Kaggle: Google Landmark Recognition and Retrieval Challenges

Kaggle recently released two related challenges landmark-retrieval-challenge and landmark-recognition-challenge. They seem challenging both in theory and computing resources. About 1.2m images and 15K classes.

First of all, do you think we should join ? What is your opinion?

Any related references, how to approach to the problem and any discussions are also welcome…

1 Like

I was about to ask the same question…too bad yours is 26 days old and nobody gave any insight…

These two comptitions are difficult since this type of problem are really rare on Kaggle: the number of landmarks is 15k when a classical competition is about 5k classes and there are an important number of classes with only a few pictures (between 1 and 5 images) with some classes with some substantial number of images.
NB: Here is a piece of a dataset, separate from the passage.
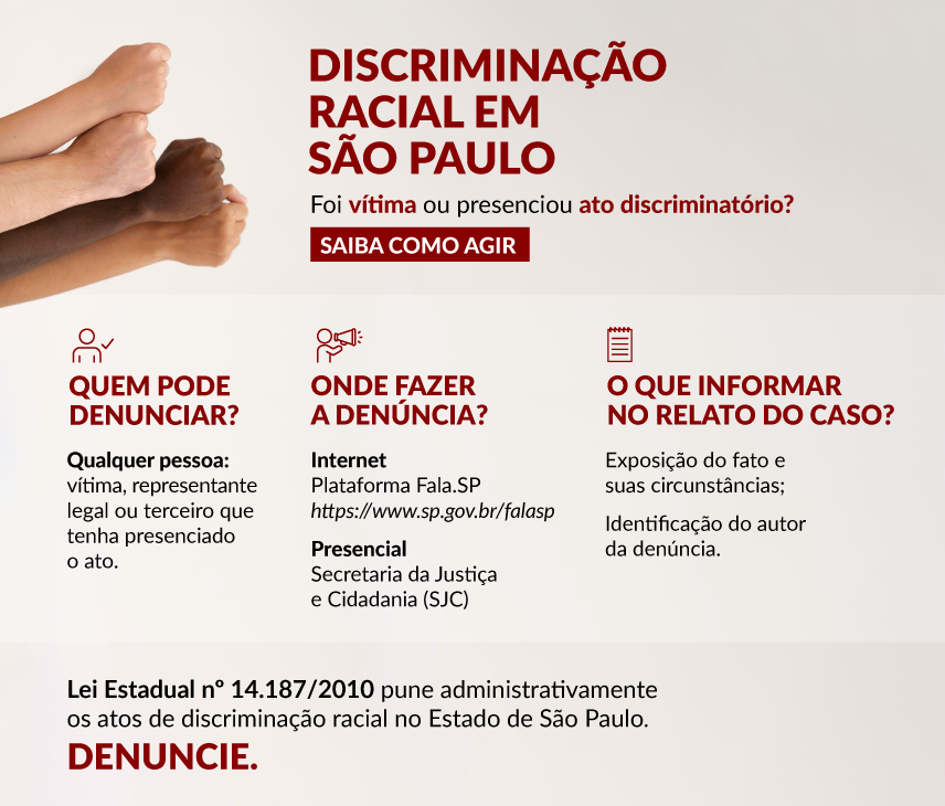 Conforme a Lei 14.187, a denúncia de discriminação racial pode ser registrada pela vítima, seu representante legal ou por "qualquer pessoa que tenha ciência do ato discriminatório". A plataforma Fala.SP é um dos canais mais utilizados para recebimento e encaminhamento das reclamações. O denunciante também pode ir à SJC, que foi transferida para o Palácio dos Campos Elíseos, localizado na Avenida Rio Branco, 1.269, no centro de São Paulo.

The write ups about the Kaggle cgdiscount competition shall be useful for the classification one.

Also, the organizers gave a clue: they suggested that the methods to solve the two competitions classification and similarity may help each other…

In fact MS coco 2017 stuff challenge is quite similar and some parts can be used combining with matterport’s Mask-RCNN. But even training coco 2017 stuff may take 2 days or so… So, I think it’s really difficult to test some new ideas. For 15k part I sow some similarity search methods for very large set of classes (I can’t remember for now). Also, RNN and scene descriptions can be used for classification as an idea. My view on this challenge is: time is to short and almost impossible for a single person to do something useful though one can learn a lot but not enough time.
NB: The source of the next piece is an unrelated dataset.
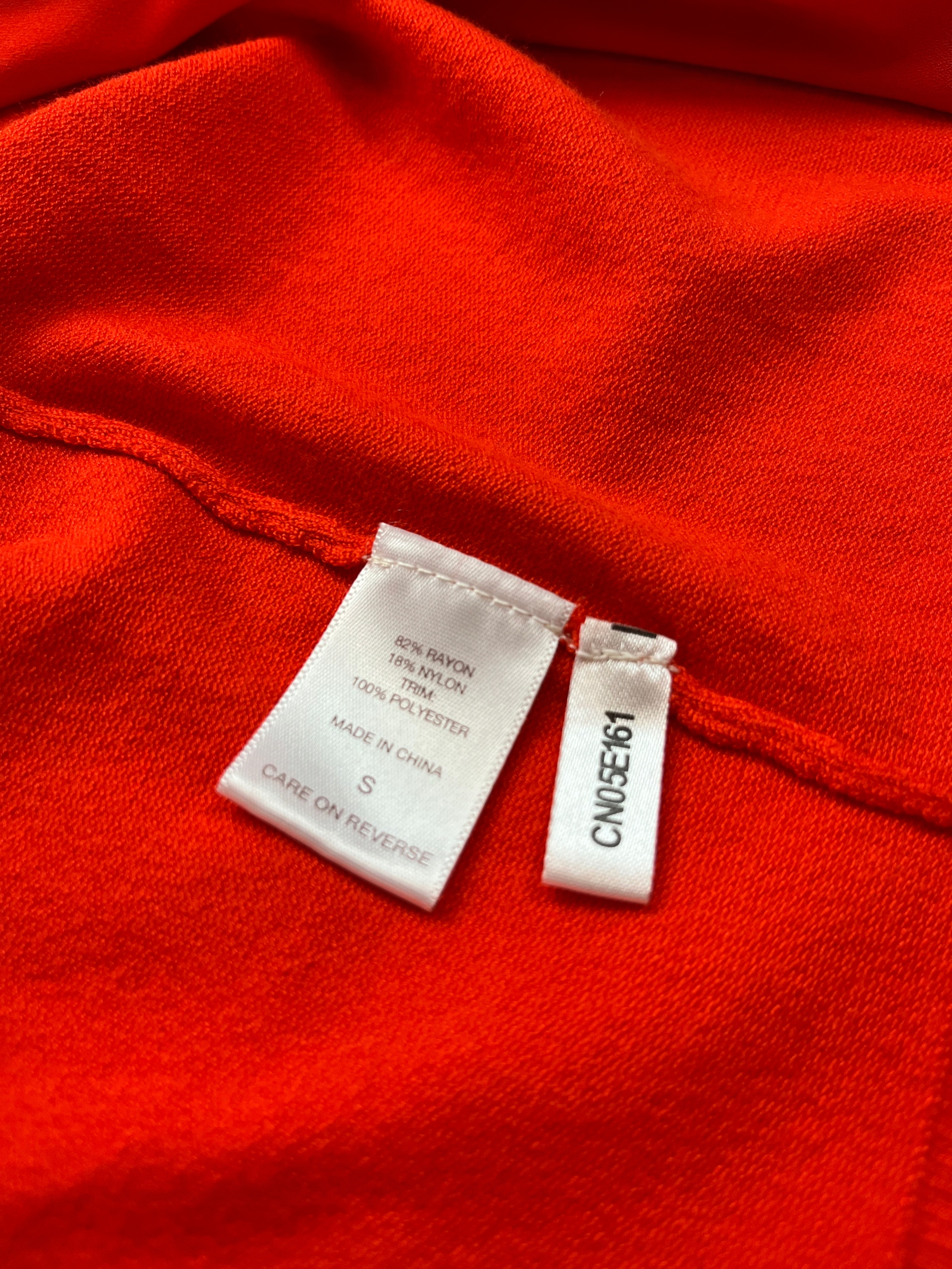 Короткое оранжевое болеро. Простая форма с рукавами 3/4 и завязкой на шее прекрасно подойдет ко многим стилям. И вечером, и каждый день. Изготовлен из 82% вискозы, называемой синтетическим шелком, что делает его невероятно нежным! Он невероятно бархатистый и нежный на ощупь. У болеро есть небольшая утяжка сзади, но на наш взгляд она видна только изнутри (показано на фото).

I’m reading this paper: Deep Image Retrieval: Learning global representations for image search, there are many other paper refer to this paper, and it’s SOTA in landmark dataset.

Edit: Didn’t see this was for last year’s competition. Would be interested if anyone is looking into this years.
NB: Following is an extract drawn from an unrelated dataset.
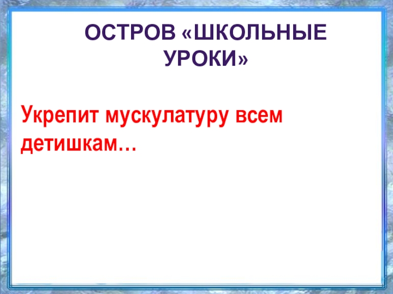 Остров «ШКОЛЬНЫЕ УРОКИ»Укрепит мускулатуру всем детишкам…

I am working on these competitions, and there are lots of exciting concepts to explore here. The hardest part is getting the data downloaded, but they have smaller datasets now.

Currently, I am trying to do several things.

  • Transfer learning as I ramp up the number of classifications. (Top 100 - 1000 - 10k… 200k! )
  • Created a GAP loss callback
  • Stratified validation set for my different sets
  • Exploring KNN and retinanet

The 4th place Winner last year used fast.ai, so I figure, it is an excellent place to start!